_WHAT YOU ARE ASKED TO DO_.
Using the data that follows, give again word for word the lines between the one holding "在关于监事辞职的公告中,金力" and the one holding "Sarten Aluminio Forjado", inclusive. Omit the pictures.

_MATERIAL SHOWN_.
---*---
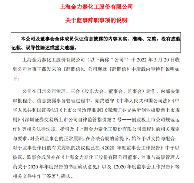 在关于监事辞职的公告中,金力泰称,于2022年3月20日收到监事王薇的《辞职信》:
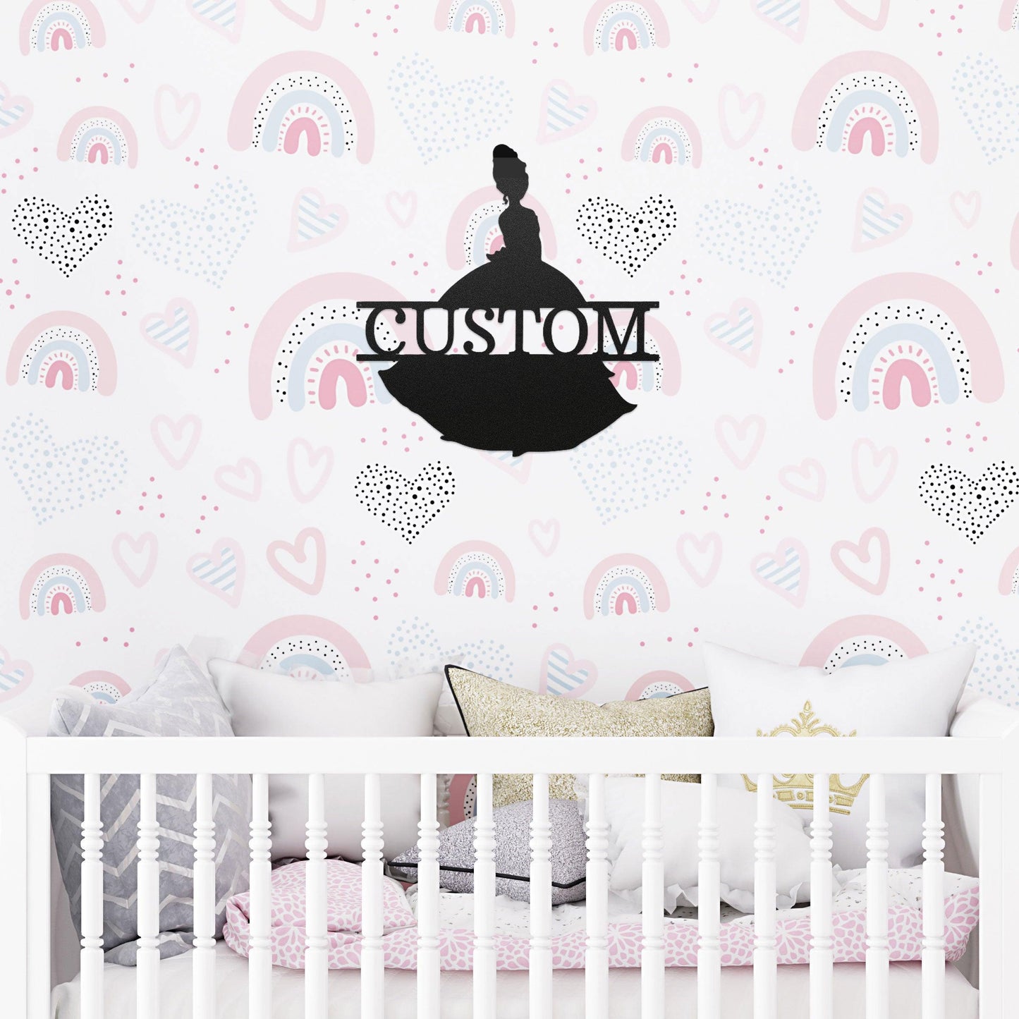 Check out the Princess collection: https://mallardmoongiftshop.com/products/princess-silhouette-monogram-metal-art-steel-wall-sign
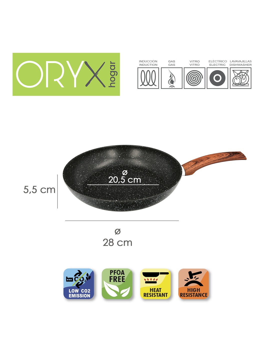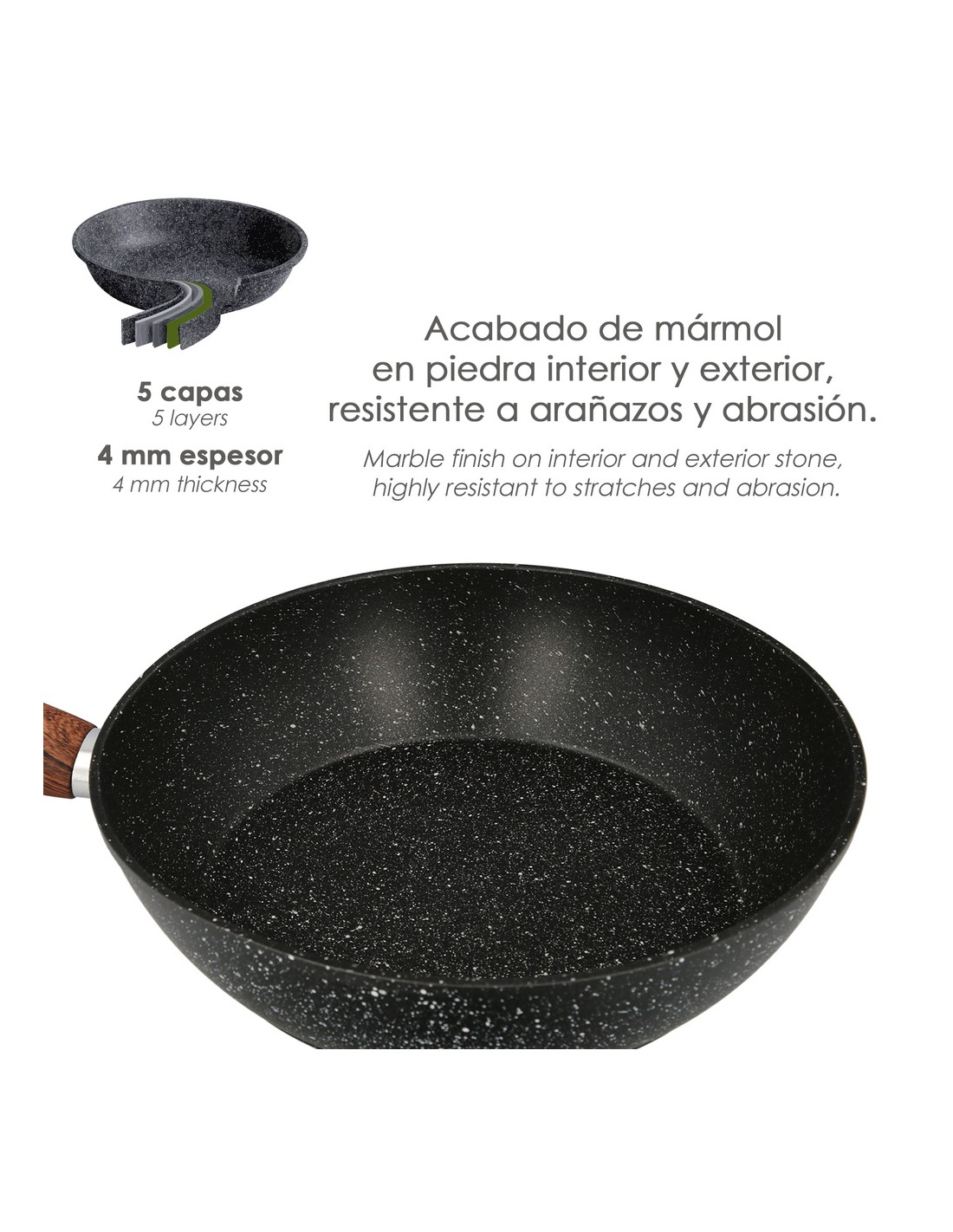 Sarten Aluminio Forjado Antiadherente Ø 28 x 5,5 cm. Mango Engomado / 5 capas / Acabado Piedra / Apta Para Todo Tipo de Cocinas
---*---
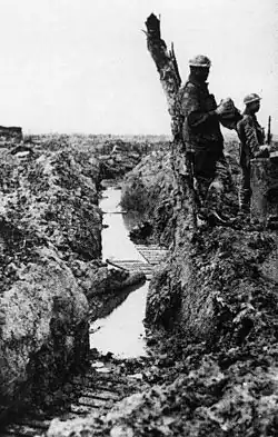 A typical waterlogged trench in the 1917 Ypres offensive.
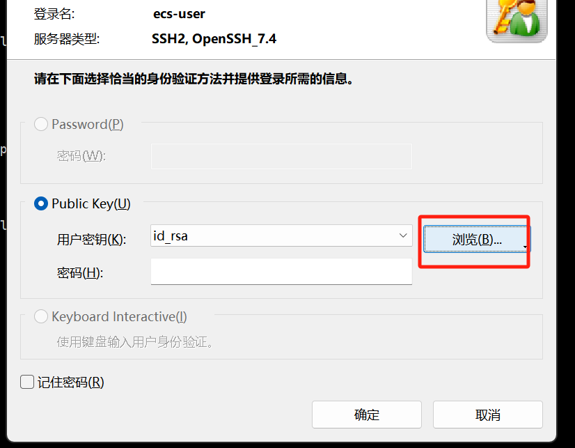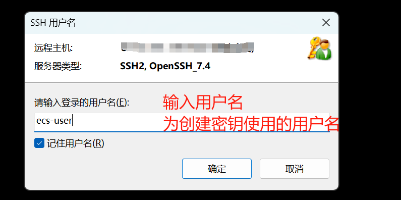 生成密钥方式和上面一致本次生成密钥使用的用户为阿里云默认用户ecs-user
---*---
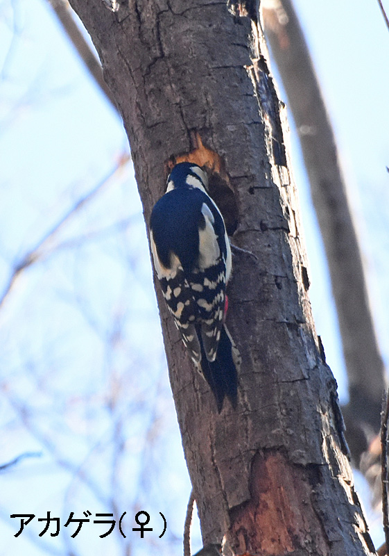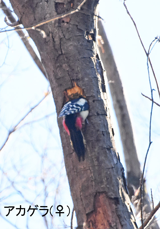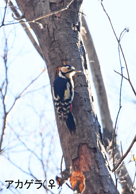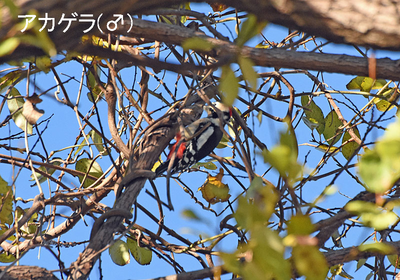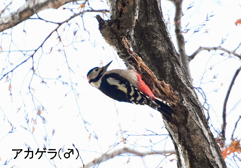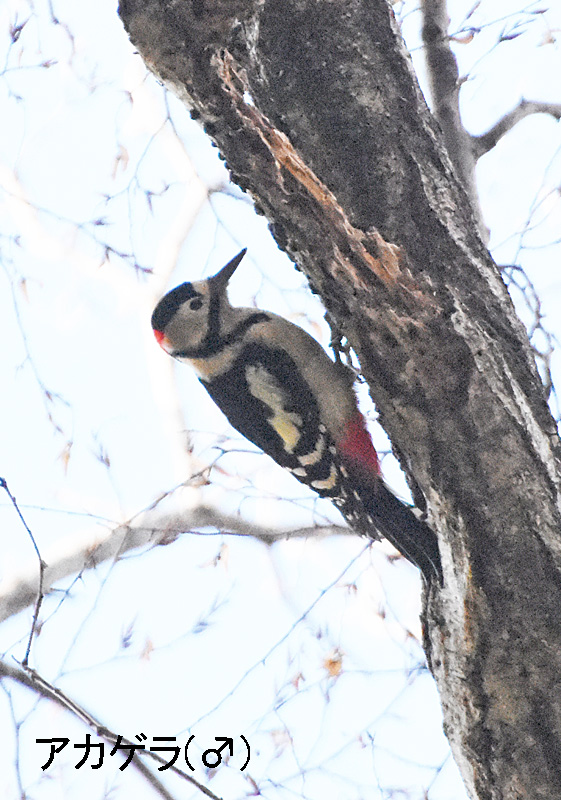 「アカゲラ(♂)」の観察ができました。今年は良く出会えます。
---*---
_YOUR SOLUTION_.
 在关于监事辞职的公告中,金力泰称,于2022年3月20日收到监事王薇的《辞职信》:
 Check out the Princess collection: https://mallardmoongiftshop.com/products/princess-silhouette-monogram-metal-art-steel-wall-sign
 Sarten Aluminio Forjado Antiadherente Ø 28 x 5,5 cm. Mango Engomado / 5 capas / Acabado Piedra / Apta Para Todo Tipo de Cocinas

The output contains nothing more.